- Violeta Map of Mindanao showing the location of Violeta Violeta Violeta (Philippines)
- Coordinates: 8°02′07″N 125°09′12″E﻿ / ﻿8.035305°N 125.153435°E
- Country: Philippines
- Province: Bukidnon
- City: Malaybalay
- District: Basakan
- Barangayhood: December 8, 1988

Government
- • Type: Barangay Council
- • Body: Sangguniang Barangay
- • Chairman: Efren Omallao
- Elevation: 327 m (1,073 ft)

Population (2015 census)
- • Total: 2,199
- PSGC: 101312066
- IRA: ₱ 3.158 million (2021)

= Violeta, Malaybalay =

Settlement in the Philippines

Violeta is a rural barangay in the Basakan District of Malaybalay, Bukidnon, Philippines.
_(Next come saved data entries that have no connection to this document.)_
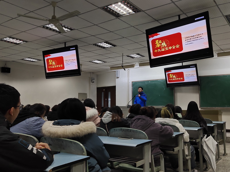 宣讲活动主要从党的十九届五中全会审议通过的《中共中央关于制定国民经济和社会发展第十四个五年规划和二〇三五年远景目标的建议》着手,对党的十九届四中全会以来的工作、全面建成小康社会的决定性成就、2035年基本实现社会主义现代化远景目标、“十四五”期间的经济社会发展主要目标和工作要求做了全面宣讲,同学们认真听讲、纷纷表示,将把自己的个人目标融入国家经济社会发展大局,刻苦学习,奋发有为,为实现中华民族伟大复兴的中国梦而不懈努力。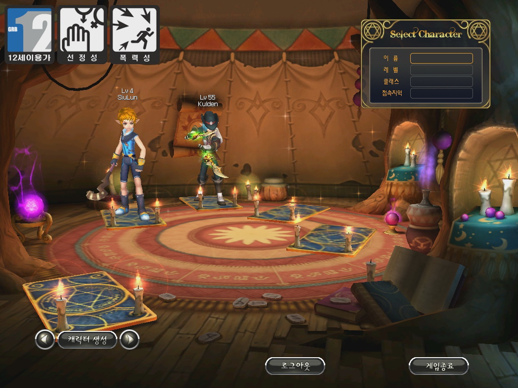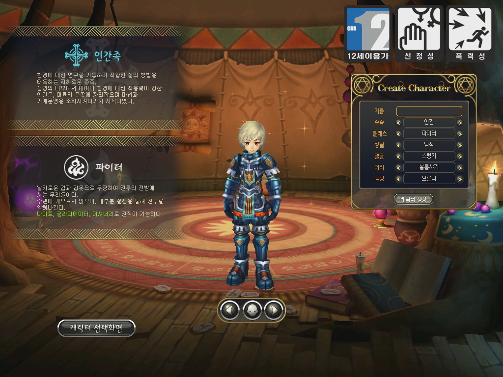 | 創立角色時可選擇種族、職業、性別、表情、髮型、髮色 |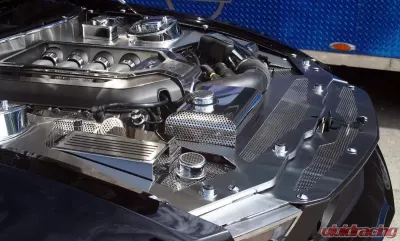 Revamp your Mustang's engine bay with our stunning brushed stainless steel perforated Radiator Cover. This accessory is designed to fit perfectly over your stock radiator, giving your engine bay a custom look that turns heads and impresses at every show.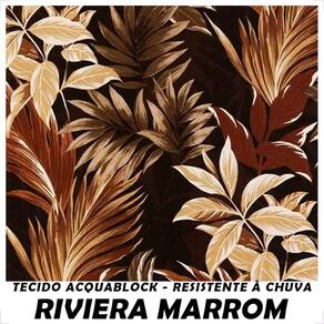 É confeccionada com tecido Acquablock, que é resistente à água e à exposição solar,

According to the 2015 census, it has a population of 2,199 people. It is bordered to the north by Linabo, to the east by Managok, to the south by Simaya, and to the west by Cabangahan and Aglayan, separated by the Sawaga River.

== Overview ==
It is mainly an agricultural community with rice, sugarcane, and corn as the principal products. It was a sitio of Linabo named Sawaga. Due to insufficient funding for its development, Tiburcio Ando, a resident of Sawaga and Linabo barangay treasurer, petitioned for its conversion into a regular barangay. On December 8, 1988, it was approved and the new barangay was renamed Violeta, in honor of Violeta Tabios Labaria, the lawmaker who sponsored its creation. The name "Sawaga" is still in use, such as in its only public school, Sawaga Elementary School. However, it has fallen into disfavor to avoid confusion with the Sawaga River.